Molecular Mechanisms in Early Diabetic Kidney Disease: Glomerular Endothelial Cell Dysfunction

Abstract

Diabetic kidney disease (DKD) is the leading cause of end-stage renal disease (ESRD), with prevalence increasing at an alarming rate worldwide and today, there are no known cures. The pathogenesis of DKD is complex, influenced by genetics and the environment. However, the underlying molecular mechanisms that contribute to DKD risk in about one-third of diabetics are still poorly understood. The early stage of DKD is characterized by glomerular hyperfiltration, hypertrophy, podocyte injury and depletion. Recent evidence of glomerular endothelial cell injury at the early stage of DKD has been suggested to be critical in the pathological process and has highlighted the importance of glomerular intercellular crosstalk. A potential mechanism may include reactive oxygen species (ROS), which play a direct role in diabetes and its complications. In this review, we discuss different cellular sources of ROS in diabetes and a new emerging paradigm of endothelial cell dysfunction as a key event in the pathogenesis of DKD.

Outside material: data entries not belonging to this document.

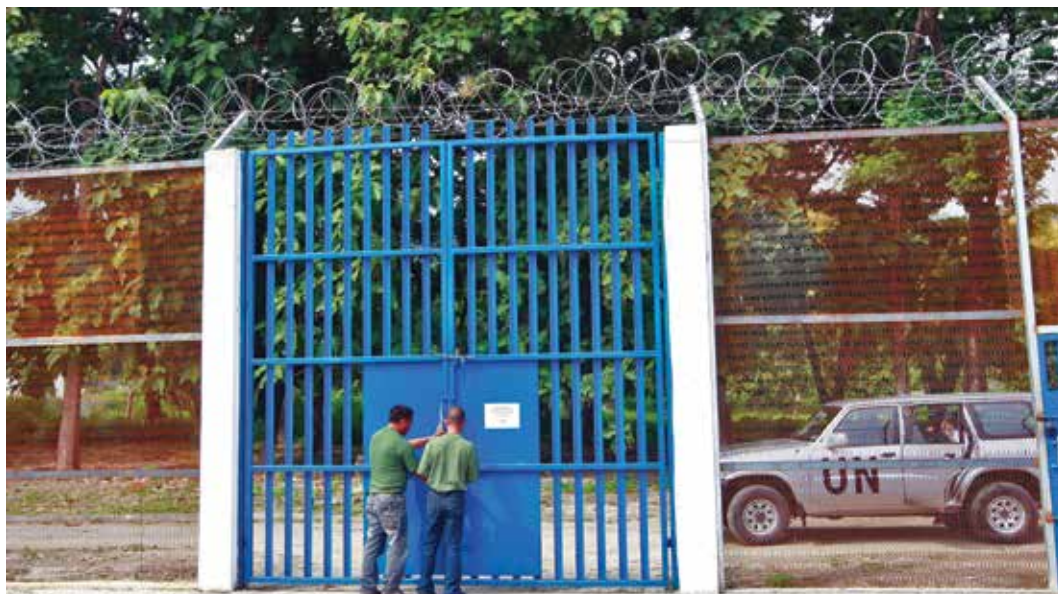
Los miembros de las comisiones de investigación y las misiones de determinación de los hechos necesitan acceso a las víctimas, testigos y fuentes, algunas de las cuales pueden encontrarse en centros de detención.

Desde el principio, los planes de investigación deben integrar los aspectos de género, desde el análisis de las violaciones a investigar y la identificación de las fuentes de información pertinentes, hasta la definición de la metodología, comprendida la previsión de los problemas de género específicos en materia de protección y las medidas para abordarlos.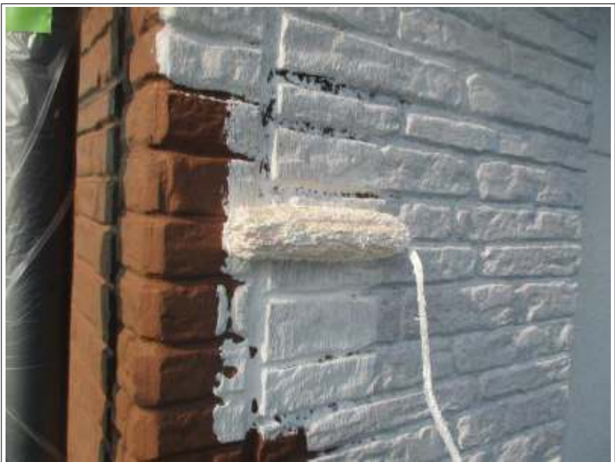
外壁(アクセント部) 下塗り施工中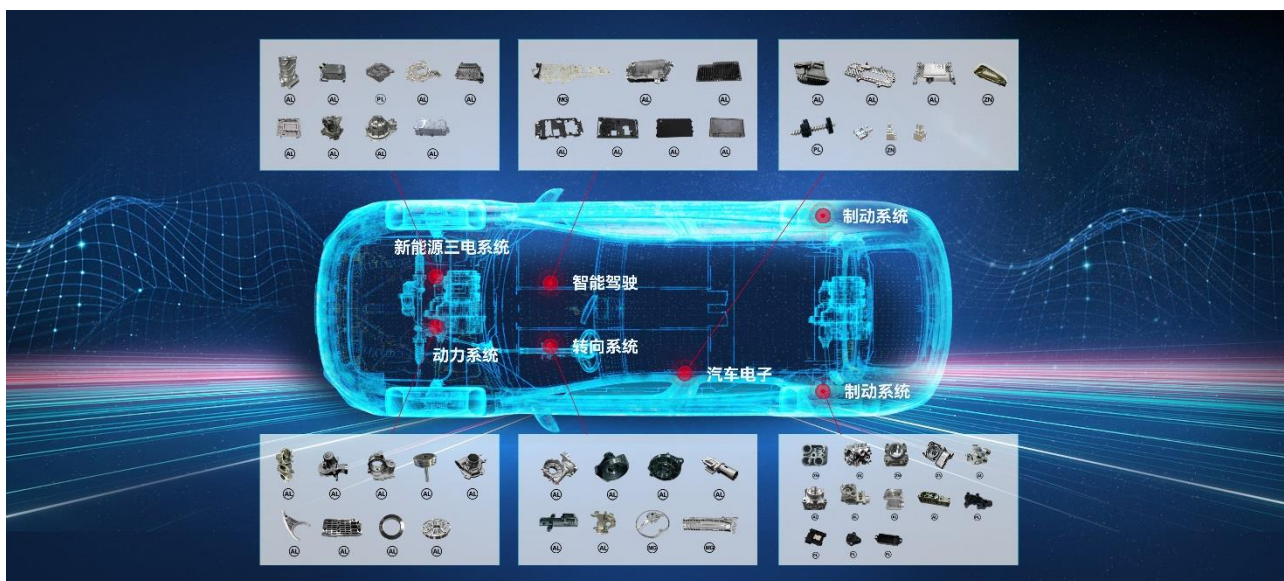
公司精密压铸产品在汽车的应用领域示意图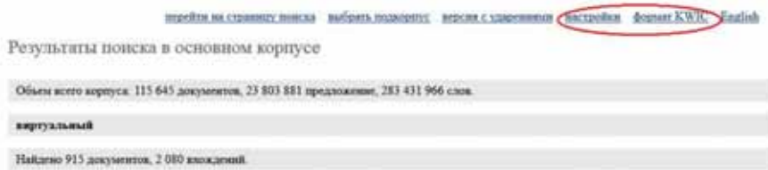
Рис. 2. Выбор режима просмотра и сортировки найденных примеров | Fig. 2. Selection of the output format and sorting settings for the examples

тексте KWIC-выдачи (по умолчанию длина контекста — 5 слов), 4) количество примеров на странице (по умолчанию установлено 50 примеров).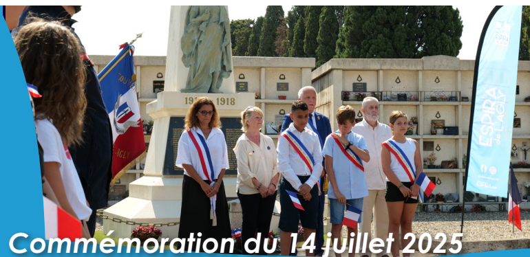
Commémoration du 14 juillet 2025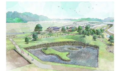
飛鳥京跡苑池(南池)復元イメージ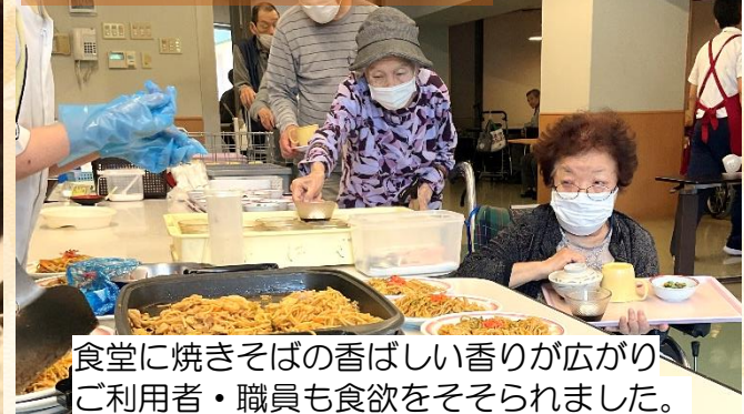
食堂に焼きそばの香ばしい香りが広がり ご利用者・職員も食欲をそそられました。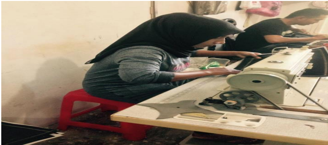
Gambar 2. Foto Kursi Kerja Plastik yang tidak Ergonomi (Foto Sebelum)

Berdasarkan hasil survey dan wawancara dengan UKM, tenaga pekerja di UKM memakai kursi plastik yang keras dan tidak nyaman untuk menjahit sehingga pekerja sering mengeluh sakit leher, sakit punggung, sakit pinggang, kelelahan dan pegal-pegal sehingga hasil kerja tidak maksimal, oleh karena itu agar sikap duduk pekerja nyaman dan tidak mengalami kelehan maka di lakukan penyediaan kursi yang nyaman untuk tenaga kerja.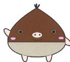
図書館キャラクター「くりぶー」

●利用登録時の個人情報は「学校法人梅村学園個人情報保護の基本方針」に従い、取り扱われ、業務上必要以外の目的では使用いたしません。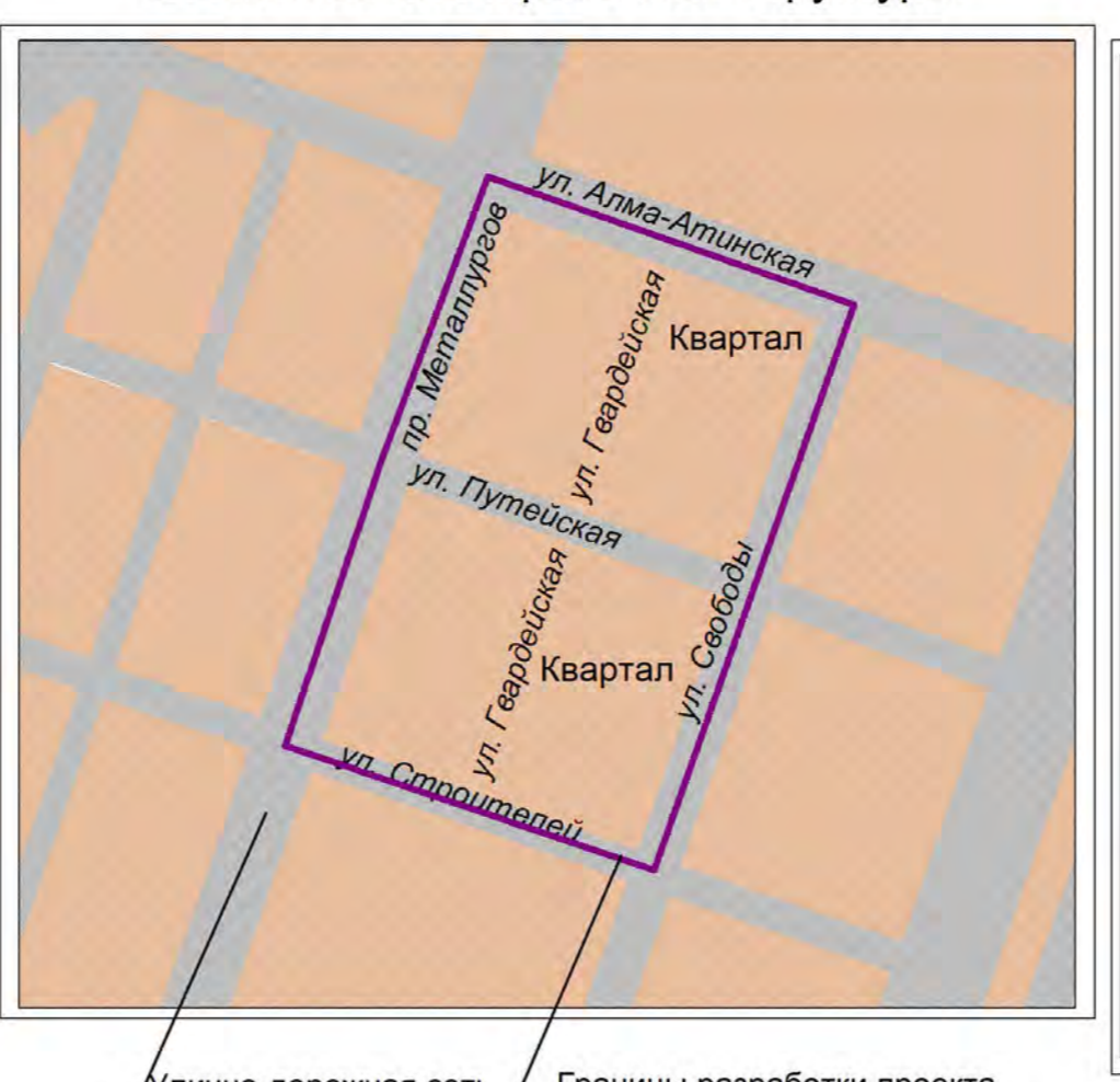
Схема действующих и утверждаемых красных линий

Keywords: ROS; diabetic kidney disease; glomerular endothelial cells.

Figure 1

The glomerular filtration barrier. (A) Schematic showing a glomerular capillary loop that forms the primary filtering unit of the kidney, illustrating normal (left) and diabetic kidney disease (DKD) (right) morphology features. The glomerular capillary loop is comprised of specialized structures: parietal epithelial cells (PECs), the mesangial cells, visceral epithelial cells (podocytes) with interdigitating foot processes (FP) attached to the glomerular basement membrane (GBM), fenestrated glomerular endothelial cells (GEC), and the glycocalyx. Between podocyte foot processes is the slit diaphragm (SD), forming a bridge and tethering foot processes together. In DKD, there are profound morphological changes to the glomerulus, including thickening of the GBM, mesangial matrix expansion and increases in extracellular matrix deposition occluding its capillaries. Additional changes are GEC dysfunction, degradation of the glycocalyx, fusion of foot processes, disrupted architecture of the slit diaphragm, podocytes depletion and consequential protein leak. (B) There is disrupted bidirectional signaling among the cells in the filtration barrier in DKD, including increased podocyte-derived vascular endothelial growth factor a (VEGFA) in early DKD and decrease of VEGF in progressive disease. There is a loss of angiopoietin-1 (Angpt1) and tyrosine-protein kinase receptor (Tie2) interaction in diabetes, and production of activated protein C (APC) in the glomerulus is reduced because of suppression of thrombomodulin expression. Decreased functional activity of APC affects the permeability of the glomerular capillary wall and enhances apoptosis of GECs and podocytes. Endothelin-1 (Edn1) and endothelin receptor A (Ednra) pathway activation in DKD lead to mitochondrial oxidative stress, endothelial nitric oxide (NO) depletion, and degradation of the endothelial glycocalyx.

Figure 2

Generation of excess reactive oxygen species (ROS) in the GECs. Pathological metabolic conditions associated with diabetes mellitus (including hyperglycemia, increased circulation of advanced glycation end products (AGEs), endothelin-1 (Edn1) and free fatty acids (FFAs), as well as activation of RAAS leading to release of angiotensin II (Ang II)) can exacerbate ROS production over the cell’s antioxidant capacity, and this imbalance contributes to endothelial dysfunction in DKD. ROS are generated by enzymatic and nonenzymatic redox reactions during cellular metabolism under normal and pathological conditions. The superoxide anion (O₂•⁻), generated in mitochondria, plasma membrane, peroxisomes, and cytosol, becomes the precursor free radical for the generation of other ROS molecules. Next, cytosolic CuZN superoxide dismutase (SOD) and mitochondrial MnSOD convert O₂•⁻ to H₂O₂, which yields highly reactive hydroxyl radicals (OH•) by interaction with reduced transition metal ions (such as Fe and Cu) in a Fenton reaction. In addition to ROS, cells also generate reactive nitrogen species (RNS). The major RNS include nitric oxide (•NO), peroxynitrite (ONOO⁻), and nitrogen dioxide (•NO₂). Nitric oxide (•NO) is produced by three isoforms of nitric oxide synthase (NOS). Finally, the excess ROS produced causes oxidative damage to mitochondrial and nuclear DNA, lipid and protein oxidation, protein nitration, and mitochondrial dysfunction.